As you can imagine, I’ve learned a lot of things, not all of them about being a parent:


  1. You can do it.  If you have to, you can.  The moment that you think you can’t cope anymore comes right before the moment when you discover that you can and will soldier through.  This is true of childbirth, parenting and any number of other things that life can throw at you.
  2. Children make you carry on.  You may want to sit on the sofa, chain drink tea and watch crap on TV but you can’t, so you don’t and your children will force you to put one foot in front of the other.
  3. You can shut down your emotions, but not forever.  My husband has done a lot of the stressful legwork and paperwork associated with probate, power of attorney and house moves.  He’s needed me to be calm and stable for him,  my kids have needed me to be calm and stable for them and I have managed it most of the time.  Sometimes I can’t, no one can, carrying the emotional burdens of a family on your own is impossible.  You have to accept that.
  4. You need a lot less sleep than you think you do.  I said that last year but it stands true even more so now.
  5. Things can always get worse but you can handle it.   The really awful things help you to see the less awful things in a new light. That’s not to say that they won’t hurt, and you never know what might be the straw that broke the camel’s back but it will be okay.  You will always find a reason to smile if you look for it.
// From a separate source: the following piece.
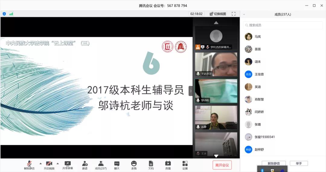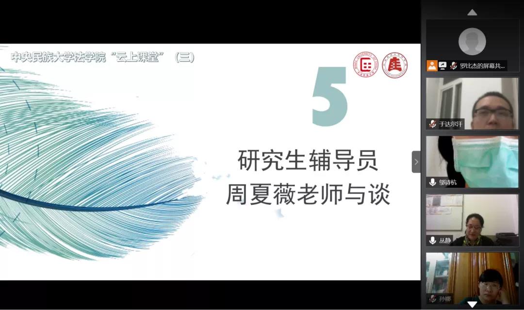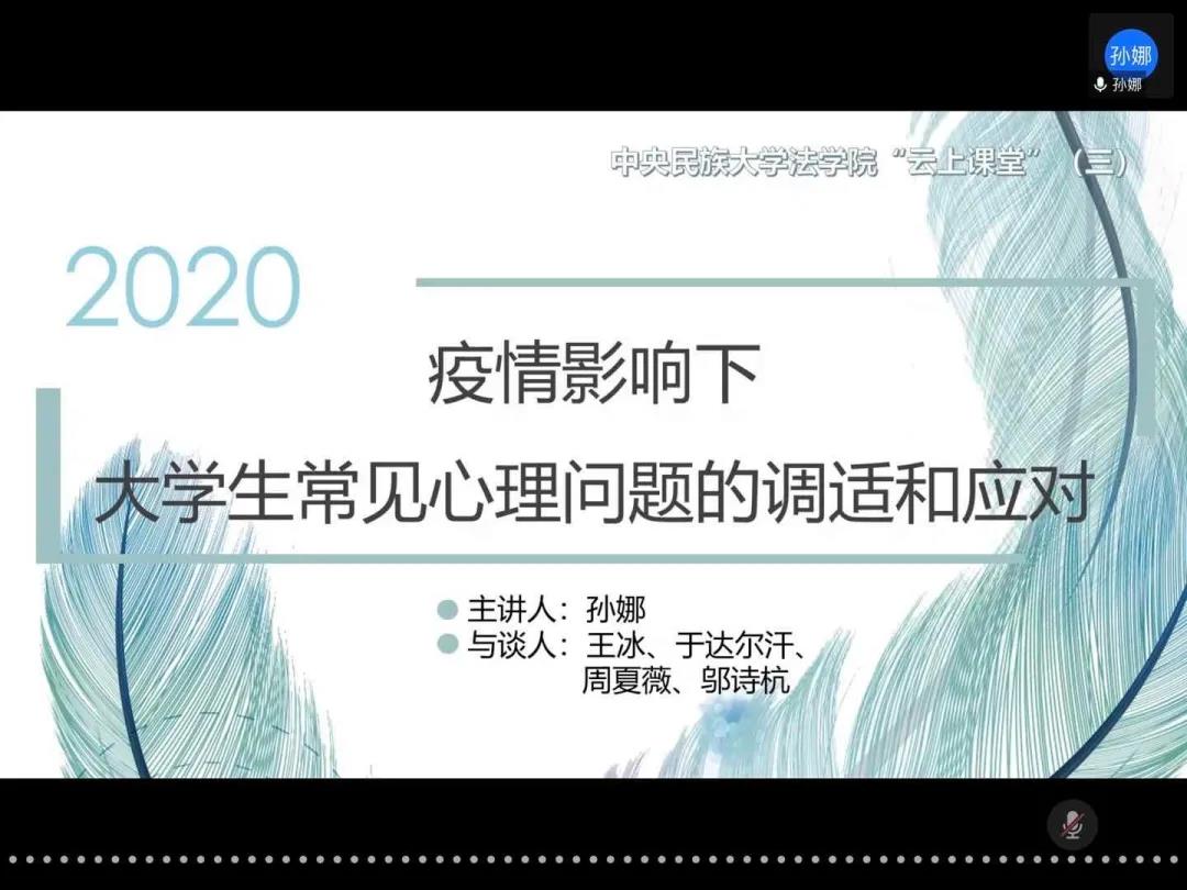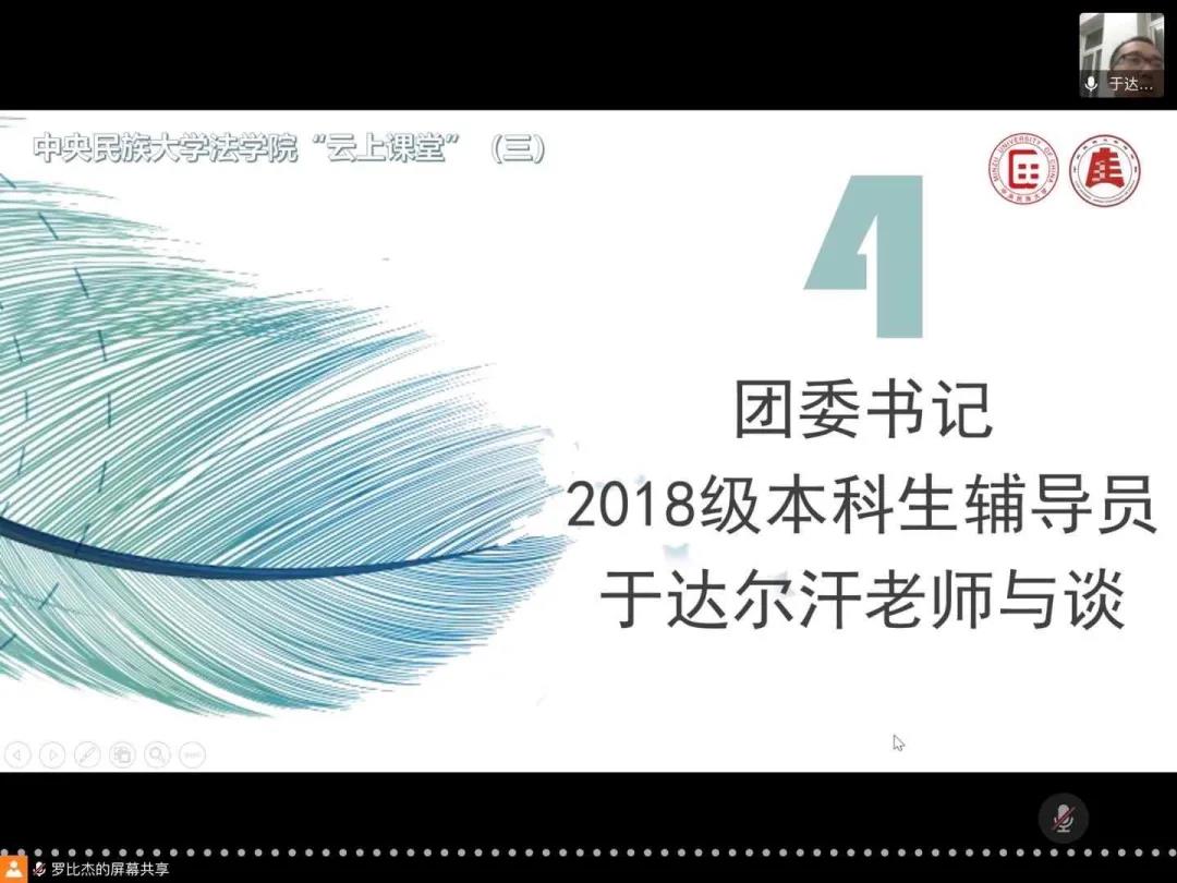 孙老师分享结束后,与谈人于达尔汗老师主要从疫情影响下本科生心理压力的疏解出发与大家进行交流。他谈到,本科生和研究生定位不同,面对的压力和问题也不一样。本科生当前更需要开发自己的能力、找到自己的兴趣点,发现自己的优势并把它发展到最大化。学习过程中出现的困惑和迷茫是正常的,即使到了研究生也存在这种情况,法律学习就是要不断反复、常学常新。平时一定要多多阅读,在看书的过程中升华自己、充实自己,利用现在相对宽裕的时间条件丰富知识、拓宽视野。除了要自己踏实学习,也要多多参与课堂展示和员工活动,这些都是锻炼自己的好机会,参与就会有成长、有收获。无论是现在的专业学习还是以后的职业道路,只要同学们保持自信、努力拼搏就能有所成就,切忌轻易否定自己、陷入负面情绪。最后,他讲到:同学们有了情绪波动要学会调试、及时疏导。疫情在,爱也在,所以疫情不可怕,不久的将来我们一定能战胜疫情。希望大家都有事做,有人爱,有期待。

  6. When times get tough you have to give yourself a little breathing room and acknowledge that you are not perfect.  You may burst into tears publicly or lose your temper at your kids, these are things that normal flawed people will do when they are under duress.  It doesn’t make you a bad person, it makes you human.  I remind myself of this whenever I fall short of my own expectations.
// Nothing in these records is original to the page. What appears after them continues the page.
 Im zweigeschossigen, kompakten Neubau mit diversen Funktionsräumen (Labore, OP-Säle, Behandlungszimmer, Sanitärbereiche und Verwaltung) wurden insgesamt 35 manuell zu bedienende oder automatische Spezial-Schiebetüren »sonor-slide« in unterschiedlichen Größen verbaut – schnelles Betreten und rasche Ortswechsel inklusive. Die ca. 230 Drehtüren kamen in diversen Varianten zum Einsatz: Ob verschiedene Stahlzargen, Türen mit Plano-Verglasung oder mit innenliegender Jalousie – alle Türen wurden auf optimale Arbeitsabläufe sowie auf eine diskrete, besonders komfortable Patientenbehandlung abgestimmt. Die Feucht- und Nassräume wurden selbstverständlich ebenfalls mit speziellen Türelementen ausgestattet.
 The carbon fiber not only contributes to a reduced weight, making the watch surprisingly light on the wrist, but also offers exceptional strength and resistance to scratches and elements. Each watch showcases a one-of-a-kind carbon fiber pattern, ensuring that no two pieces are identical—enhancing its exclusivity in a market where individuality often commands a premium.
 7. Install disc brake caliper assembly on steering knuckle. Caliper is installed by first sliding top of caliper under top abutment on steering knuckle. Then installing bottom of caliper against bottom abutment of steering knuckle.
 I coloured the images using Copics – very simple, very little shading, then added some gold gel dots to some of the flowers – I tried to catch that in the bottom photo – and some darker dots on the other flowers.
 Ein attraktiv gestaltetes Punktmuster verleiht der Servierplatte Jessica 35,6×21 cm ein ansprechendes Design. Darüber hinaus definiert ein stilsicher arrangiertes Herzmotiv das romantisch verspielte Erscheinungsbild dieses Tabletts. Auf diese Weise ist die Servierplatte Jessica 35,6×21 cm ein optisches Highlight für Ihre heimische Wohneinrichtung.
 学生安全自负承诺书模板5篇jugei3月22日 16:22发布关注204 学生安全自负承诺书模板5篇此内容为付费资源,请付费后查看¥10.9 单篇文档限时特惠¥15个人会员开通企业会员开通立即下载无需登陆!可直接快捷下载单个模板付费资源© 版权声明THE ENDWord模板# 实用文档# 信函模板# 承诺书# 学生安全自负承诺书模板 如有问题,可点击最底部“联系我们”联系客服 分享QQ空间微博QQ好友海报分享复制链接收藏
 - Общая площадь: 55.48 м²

  7. People can be wonderful.  There will always be help offered, the biggest trouble you may face is accepting it.  I feel guilty when I ask for help.  I feel like I’m putting on people, I am, as my mother-in-law would say, ‘a bugger for that’.  But knowing that people care enough to offer can be enough to brighten a dark moment.
  8. It is important to remember that others have their problems too.  Never, ever forget that other people also suffer.  Thinking that you are the only one going through this is a dark place to be in and an incredibly selfish perspective to take.  If you can prevent yourself from wallowing and remember to look outwards and think of others, you will feel better, I promise.
  9. Silence is golden.  The modern world is full of chatter.  It’s easy to spend your time browsing the internet or flicking from channel to channel but, in many ways, that is just as overwhelming as anything else that life can throw at you.  Silence is restorative.  Lack of stimulation can be heaven.  Let yourself breathe from time to time.
  10. It is important to take some time for you.  Whatever it is that you need to do to feel more like yourself,  whether that involves taking care over your appearance, reading a book or, like me, right now, writing a blog post, take the time to do it whenever you can.  It’s not selfish, it’s sane.


Lessons need to be learned and relearned, I’m just about to read last year’s post to remind myself of what I should already know.  Knowing does not make it working practice.  Knowing is a good first step though.  I think I now know quite a bit.